Stored data entries
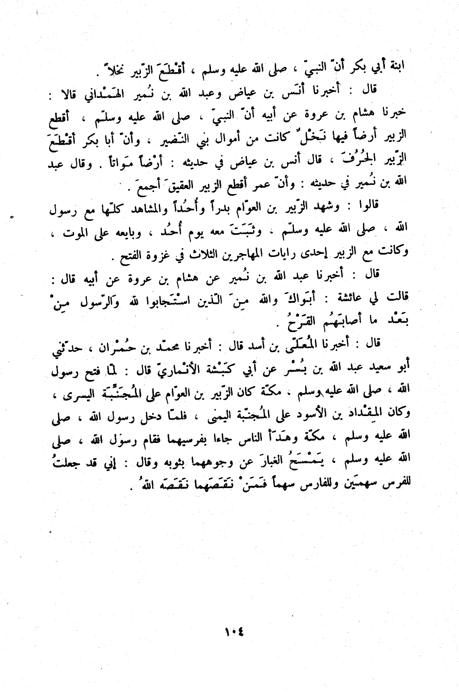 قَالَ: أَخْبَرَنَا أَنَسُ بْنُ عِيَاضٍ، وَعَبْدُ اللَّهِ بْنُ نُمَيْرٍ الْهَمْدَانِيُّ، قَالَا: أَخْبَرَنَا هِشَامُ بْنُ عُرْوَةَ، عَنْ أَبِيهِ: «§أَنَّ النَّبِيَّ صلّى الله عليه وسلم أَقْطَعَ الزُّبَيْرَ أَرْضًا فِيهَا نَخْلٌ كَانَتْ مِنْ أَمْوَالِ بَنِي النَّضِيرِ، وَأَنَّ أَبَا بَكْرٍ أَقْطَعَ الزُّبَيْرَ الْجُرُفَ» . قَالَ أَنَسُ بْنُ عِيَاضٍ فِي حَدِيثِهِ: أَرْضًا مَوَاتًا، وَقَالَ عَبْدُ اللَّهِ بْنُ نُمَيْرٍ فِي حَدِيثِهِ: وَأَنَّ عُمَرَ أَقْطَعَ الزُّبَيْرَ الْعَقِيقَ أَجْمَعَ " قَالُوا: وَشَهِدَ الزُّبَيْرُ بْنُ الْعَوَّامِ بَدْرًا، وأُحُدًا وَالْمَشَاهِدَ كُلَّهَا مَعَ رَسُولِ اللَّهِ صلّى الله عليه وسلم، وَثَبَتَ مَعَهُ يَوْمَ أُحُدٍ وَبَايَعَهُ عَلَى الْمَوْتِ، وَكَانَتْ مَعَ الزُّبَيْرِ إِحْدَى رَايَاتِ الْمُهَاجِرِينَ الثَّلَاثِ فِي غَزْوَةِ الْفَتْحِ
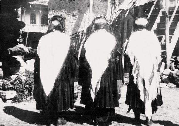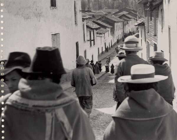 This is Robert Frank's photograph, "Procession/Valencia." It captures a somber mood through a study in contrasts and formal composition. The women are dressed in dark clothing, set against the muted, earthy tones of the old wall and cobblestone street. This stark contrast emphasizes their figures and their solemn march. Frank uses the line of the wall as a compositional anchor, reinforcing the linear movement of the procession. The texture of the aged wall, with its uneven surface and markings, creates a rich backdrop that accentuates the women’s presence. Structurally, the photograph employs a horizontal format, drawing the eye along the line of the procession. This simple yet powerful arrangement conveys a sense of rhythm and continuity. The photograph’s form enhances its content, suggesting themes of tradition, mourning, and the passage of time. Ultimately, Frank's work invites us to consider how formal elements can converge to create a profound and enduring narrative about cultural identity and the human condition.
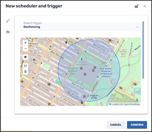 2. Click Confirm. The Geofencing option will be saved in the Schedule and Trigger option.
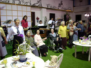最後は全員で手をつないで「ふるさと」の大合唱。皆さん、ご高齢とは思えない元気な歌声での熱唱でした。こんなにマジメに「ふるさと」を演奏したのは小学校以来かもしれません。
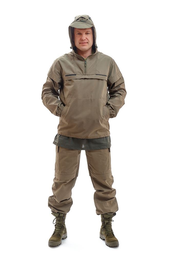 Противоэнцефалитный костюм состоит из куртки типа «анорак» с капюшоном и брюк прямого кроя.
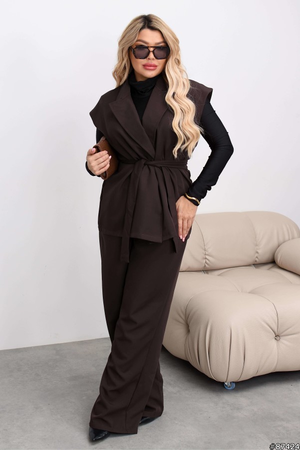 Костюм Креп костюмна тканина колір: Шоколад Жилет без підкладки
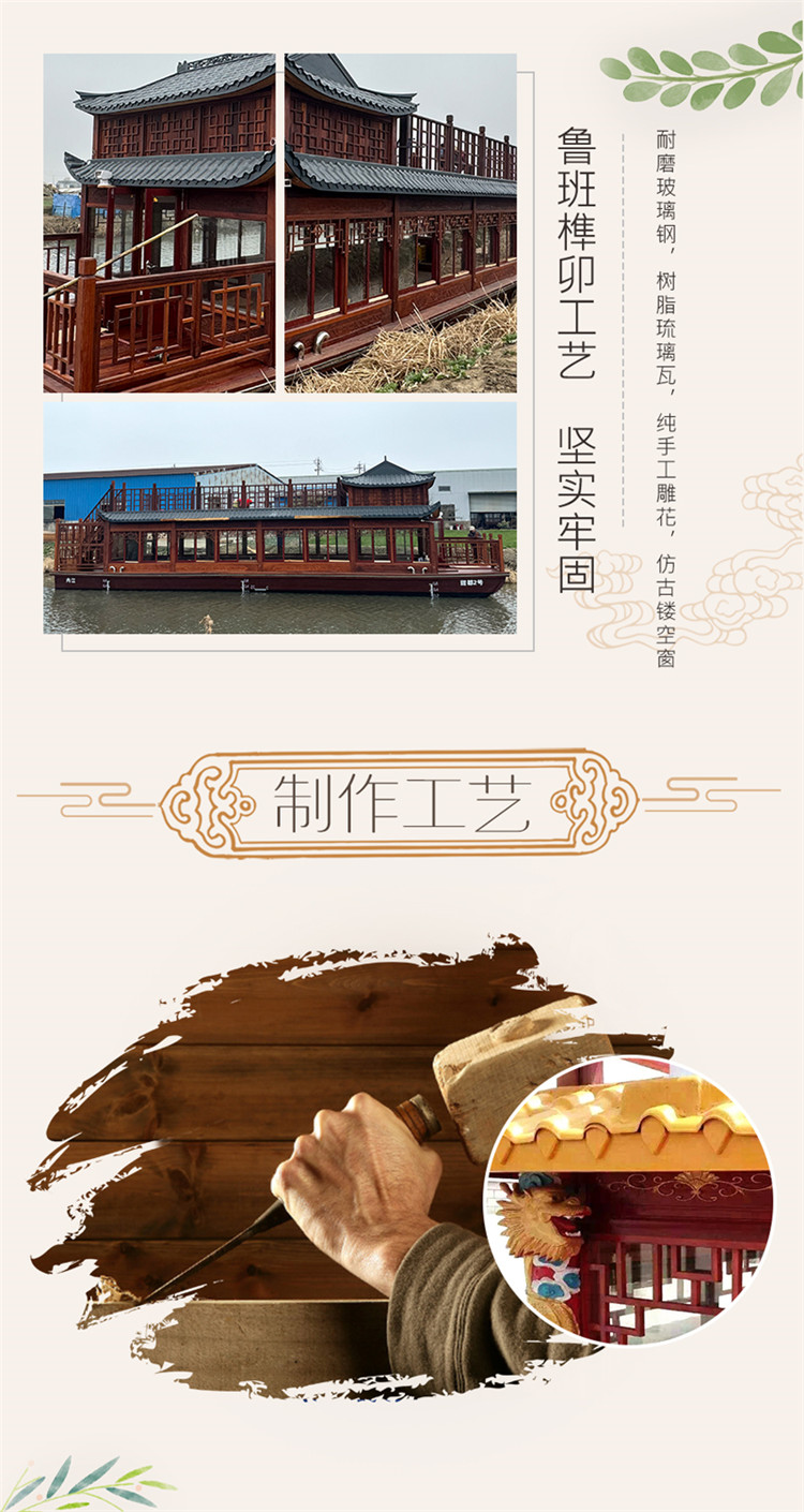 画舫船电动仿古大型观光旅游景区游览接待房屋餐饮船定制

Assignment
The lines from the top of the data above through the one holding "最後は全員で手をつないで「ふ" are to be repeated exactly, and only those, with no pictures.

Exercise response
 قَالَ: أَخْبَرَنَا أَنَسُ بْنُ عِيَاضٍ، وَعَبْدُ اللَّهِ بْنُ نُمَيْرٍ الْهَمْدَانِيُّ، قَالَا: أَخْبَرَنَا هِشَامُ بْنُ عُرْوَةَ، عَنْ أَبِيهِ: «§أَنَّ النَّبِيَّ صلّى الله عليه وسلم أَقْطَعَ الزُّبَيْرَ أَرْضًا فِيهَا نَخْلٌ كَانَتْ مِنْ أَمْوَالِ بَنِي النَّضِيرِ، وَأَنَّ أَبَا بَكْرٍ أَقْطَعَ الزُّبَيْرَ الْجُرُفَ» . قَالَ أَنَسُ بْنُ عِيَاضٍ فِي حَدِيثِهِ: أَرْضًا مَوَاتًا، وَقَالَ عَبْدُ اللَّهِ بْنُ نُمَيْرٍ فِي حَدِيثِهِ: وَأَنَّ عُمَرَ أَقْطَعَ الزُّبَيْرَ الْعَقِيقَ أَجْمَعَ " قَالُوا: وَشَهِدَ الزُّبَيْرُ بْنُ الْعَوَّامِ بَدْرًا، وأُحُدًا وَالْمَشَاهِدَ كُلَّهَا مَعَ رَسُولِ اللَّهِ صلّى الله عليه وسلم، وَثَبَتَ مَعَهُ يَوْمَ أُحُدٍ وَبَايَعَهُ عَلَى الْمَوْتِ، وَكَانَتْ مَعَ الزُّبَيْرِ إِحْدَى رَايَاتِ الْمُهَاجِرِينَ الثَّلَاثِ فِي غَزْوَةِ الْفَتْحِ
 This is Robert Frank's photograph, "Procession/Valencia." It captures a somber mood through a study in contrasts and formal composition. The women are dressed in dark clothing, set against the muted, earthy tones of the old wall and cobblestone street. This stark contrast emphasizes their figures and their solemn march. Frank uses the line of the wall as a compositional anchor, reinforcing the linear movement of the procession. The texture of the aged wall, with its uneven surface and markings, creates a rich backdrop that accentuates the women’s presence. Structurally, the photograph employs a horizontal format, drawing the eye along the line of the procession. This simple yet powerful arrangement conveys a sense of rhythm and continuity. The photograph’s form enhances its content, suggesting themes of tradition, mourning, and the passage of time. Ultimately, Frank's work invites us to consider how formal elements can converge to create a profound and enduring narrative about cultural identity and the human condition.
 2. Click Confirm. The Geofencing option will be saved in the Schedule and Trigger option.
最後は全員で手をつないで「ふるさと」の大合唱。皆さん、ご高齢とは思えない元気な歌声での熱唱でした。こんなにマジメに「ふるさと」を演奏したのは小学校以来かもしれません。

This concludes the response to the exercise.